Fehlendes Enteisungsmittel: ob die Airline Entschädigung zahlen muss ist umstritten
Kommt es zu einer Flugverspätung oder zu einem Flugausfall, weil das Flugzeug nicht rechtzeitig wegen mangelnder Enteisungsflüssigkeit starten kann, so ist es umstritten ob man dafür die Schuld der Fluglinie geben kann und es ist nicht sicher ob man als Flugpassagier Anspruch auf eine Ausgleichszahlung hat.

Medizinischer Notfall nicht immer ein außergewöhnlicher Umstand
Kommt es auf einem vorangegangenen Flug zu einem medizinischen Notfall, so spricht man in der Regel von einem außergewöhnlichen Umstand und die Fluglinie muss daher auch keine Entschädigung für Flugverspätungen oder eine Flugstornierung bezahlen. Allerdings ist die Fluglinie nur dann von der Pflicht befreit Entschädigung zu bezahlen, wenn nicht ausreichend Zeit war die Flüge umzuplanen.

Nachtflugverbote oder verweigerte Landegenehmigungen – Entschädigungszahlungen sind umstritten
Sollte es zu einem unüblichen Nachtflugverbot oder einem Nachtlandeverbot kommen und dadurch zu einer Flugverspätung kommen, so kann man in der Regel von einem außergewöhnlichen Umstand sprechen und die Airline ist nicht verpflichtet Entschädigung zu bezahlen. Kommt es allerdings zu einem Nachtlandeverbot als die Maschine schon 3 Stunden zu spät gestartet war, so kann man davon ausgehen, dass die Fluglinie darüber Bescheid wussten und sie hätte den Flug so umplanen müssen, dass es zu keiner Verspätung gekommen wäre und muss daher für die Flugverspätung eine Entschädigung zahlen. Es bedarf also einer genauen Prüfung der Umstände wie es zur Flugverspätung gekommen ist.

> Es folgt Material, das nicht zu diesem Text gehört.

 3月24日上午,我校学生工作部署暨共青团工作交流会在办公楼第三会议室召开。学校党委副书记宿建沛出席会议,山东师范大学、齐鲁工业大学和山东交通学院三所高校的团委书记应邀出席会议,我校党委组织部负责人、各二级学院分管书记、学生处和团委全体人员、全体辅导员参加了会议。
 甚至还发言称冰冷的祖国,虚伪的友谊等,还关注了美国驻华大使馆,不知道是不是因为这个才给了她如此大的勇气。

Unfälle am Flughafen können außergewöhnlich sein
Kommt es zu einem Unfall eines Flugzeuges am Flughafen mit einem Fahrzeug oder Gerät des Flughafens und in der Folge zu einer großen Flugverspätung oder zu einer Streichung des Fluges so wird die Airline mit großer Wahrscheinlichkeit keine Schuld treffen und daher auch keine Entschädigung zahlen müssen.

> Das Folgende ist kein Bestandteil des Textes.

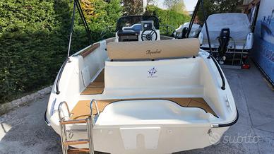 Aquabat Sport Line 21 Open collezione 2026 Motorizzata Mercury 40 cv Pro Unità in foto, PRONTA CONSEGNA PREZZO €42.500,00 IVA inclusa, FULL OPTIONAL Possibilità di finanziamento personalizzato a tasso nautico agevolato IN OMAGGIO PER LE OFFERTE DI MARZO: -5 tagliandi motore in regalo CARATTERISTICHE TECNICHE: Motorizzazione: F.B. Lunghezza f.t. cm: 615 Larghezza max cm: 230 Potenza HP/Power HP: 40-150 Peso a vuoto: 620 kg Portata persone: 8 Materiale: vetroresina Certificazione: CE categoria (C) LISTA ACCESSORI INCLUSI NEL PREZZO: Strumentazione e Navigazione GPS Garmin 5.2 CV | Bussola | Quadro interruttori | Luci di via | Asta 360° | Tromba Impianti Tecnici e Sicurezza Serbatoio carburante 85 l | Pompa di sentina | Pozzetto autosvuotante Manovra e Allestimento Esterno Salpa ancora elettrico | Musone di prua | 6 bitte | Pulpito di prua in acciaio inox | Piattaforma di poppa incorporata con scaletta bagno | Tientibene in acciaio inox Comfort e Allestimento Coperta Cuscineria completa serie Lux color avorio | Pavimento in gommadeck | Spalliera di poppa imbottita | Porta d'accesso cabina nero fumè | Piede tavolo | Tendalino sole inox Servizi e Intrattenimento WC chimico amovibile | Frigorifero elettrico portatile | Impianto doccia AFFRETTATI, CHIAMA ORA: Tel 041 5322 123 Cell 349 CI TROVATE A MIRANO (VE) VIA PIGAFETTA 2/A Email: info@newnauticshow.com - Facebook: New Nautic Show SRL - Instagram: newnauticshow

Airline muss bei Blitzschlag keine Entschädigungen zahlen
Für die Sicherheit eines Flugzeuges stellt ein Blitzschlag eine ernste Gefahr dar und kann als außergewöhnlicher Umstand dazu führen, dass die Airline bei einer Verspätung zum Beispiel wegen einer Notlandung nicht zahlen muss. Ist der Blitzschlag allerding am vorausgegangen Flug passiert und hatte die Fluggesellschaft genügend Zeit das Flugzeug wieder funktionstüchtig zu machen, ein anderes Flugzeug zu chartern oder kann nicht nachweisen, dass sie alles getan hat um die Verspätung zu vermeiden, sieht es für die Passagiere bezüglich der Entschädigung besser aus.

Nebel als guter Grund nur für Flugzeuge, die UpToDate sind
Starker Nebel am Zielflughafen kann ein außergewöhnlicher Umstand sein, der dazu führt, dass eine Fluglinie keine Entschädigung an ihre Passagiere zahlen muss, wenn es dadurch zu großen Flugverspätungen kommt oder ein Flug überhaupt annulliert wird. Wenn ein Flugzeug aber nur deshalb nicht landen kann, weil es schlecht ausgerüstet ist, so sieht die Sachlage wieder anders aus.

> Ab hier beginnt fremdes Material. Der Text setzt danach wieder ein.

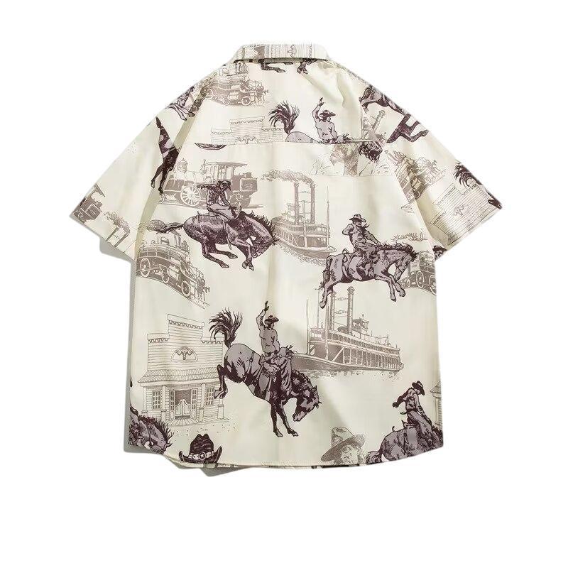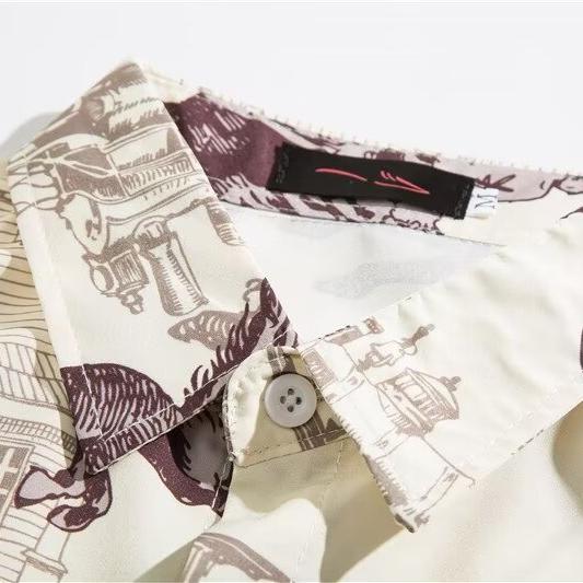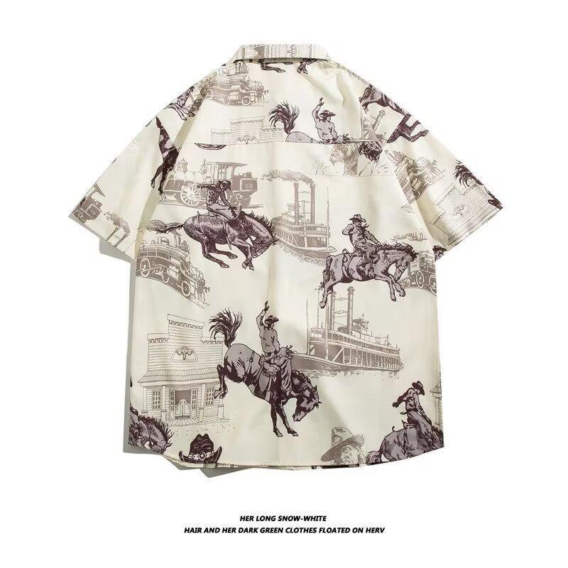 港风ins短袖花衬衫男生夏季日系休闲沙滩衬衣潮流宽松夏威夷外套

Starker Wind bei Start oder Landung bremst Entschädigung
Herrschen am Startflughafen so starke Winde, dass der Hersteller des Flugzeuges für diese Windverhältnisse keine Starterlaubnis gibt, so muss eine Airline keine Entschädigung an seine Passagiere zahlen, auch wenn es dadurch zu großen Verspätungen oder zur Stornierung des Fluges kommt. Die Airline muss aber detailliert darüber Auskunft geben und mit Beweisen belegen, dass der Hersteller bei solchen Windverhältnissen keine Starterlaubnis erteilt.

Schweres Wetter stoppt Entschädigung für Flugverspätung
Außergewöhnlich starker Regen oder Schneefall am Abflugort können ein außergewöhnlicher Umstand sein, warum eine Fluggesellschaft trotz Verspätung oder Streichung eines Fluges keine Entschädigung an die Passagiere des Fluges zahlen muss. Ein Indiz für das Vorliegen eines außergewöhnlichen Umstandes ist die Tatsache, dass auch andere Fluglinien nicht starten konnten.

Gesperrter Luftraum sperrt auch Entschädigung
Wird der Luftraum über dem Abflug- oder dem Zielflughafen gesperrt so stellt das in der Regel einen außergewöhnlichen Umstand dar. Kommt es in der Folge zu einer Flugverspätung oder einer Annullierung eines Fluges, so kann sich die betroffene Fluglinie bei Ansprüchen der Passagiere auf Entschädigung auf die Sperrung des Luftraumes berufen.